* _TASK PROMPT_
Retype, without any change, the line that contains "Hiring Organization: Kalaignarkarunanidhi" and every line that follows it to the end of the entries, and nothing else.
──────── EXERCISE INPUT ────────
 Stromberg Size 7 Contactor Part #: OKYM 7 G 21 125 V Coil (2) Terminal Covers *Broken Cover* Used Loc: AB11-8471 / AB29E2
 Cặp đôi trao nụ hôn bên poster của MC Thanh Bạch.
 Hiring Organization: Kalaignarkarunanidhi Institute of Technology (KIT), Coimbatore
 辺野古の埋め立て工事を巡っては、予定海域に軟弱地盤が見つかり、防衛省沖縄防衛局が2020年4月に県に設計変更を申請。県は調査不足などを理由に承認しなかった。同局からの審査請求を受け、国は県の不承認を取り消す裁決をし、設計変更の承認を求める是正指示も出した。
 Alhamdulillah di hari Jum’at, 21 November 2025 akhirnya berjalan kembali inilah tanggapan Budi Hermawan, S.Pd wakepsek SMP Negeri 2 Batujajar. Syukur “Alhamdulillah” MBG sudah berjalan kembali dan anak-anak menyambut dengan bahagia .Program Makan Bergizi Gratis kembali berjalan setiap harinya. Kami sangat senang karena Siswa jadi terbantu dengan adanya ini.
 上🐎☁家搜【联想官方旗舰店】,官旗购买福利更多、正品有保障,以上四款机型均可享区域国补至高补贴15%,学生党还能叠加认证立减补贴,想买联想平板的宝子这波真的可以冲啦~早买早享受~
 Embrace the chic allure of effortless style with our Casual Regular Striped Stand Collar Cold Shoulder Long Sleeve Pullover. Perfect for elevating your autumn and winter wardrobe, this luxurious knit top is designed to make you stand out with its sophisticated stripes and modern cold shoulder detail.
────────
* _RESPONSE BELOW_
 Hiring Organization: Kalaignarkarunanidhi Institute of Technology (KIT), Coimbatore
 辺野古の埋め立て工事を巡っては、予定海域に軟弱地盤が見つかり、防衛省沖縄防衛局が2020年4月に県に設計変更を申請。県は調査不足などを理由に承認しなかった。同局からの審査請求を受け、国は県の不承認を取り消す裁決をし、設計変更の承認を求める是正指示も出した。
 Alhamdulillah di hari Jum’at, 21 November 2025 akhirnya berjalan kembali inilah tanggapan Budi Hermawan, S.Pd wakepsek SMP Negeri 2 Batujajar. Syukur “Alhamdulillah” MBG sudah berjalan kembali dan anak-anak menyambut dengan bahagia .Program Makan Bergizi Gratis kembali berjalan setiap harinya. Kami sangat senang karena Siswa jadi terbantu dengan adanya ini.
 上🐎☁家搜【联想官方旗舰店】,官旗购买福利更多、正品有保障,以上四款机型均可享区域国补至高补贴15%,学生党还能叠加认证立减补贴,想买联想平板的宝子这波真的可以冲啦~早买早享受~
 Embrace the chic allure of effortless style with our Casual Regular Striped Stand Collar Cold Shoulder Long Sleeve Pullover. Perfect for elevating your autumn and winter wardrobe, this luxurious knit top is designed to make you stand out with its sophisticated stripes and modern cold shoulder detail.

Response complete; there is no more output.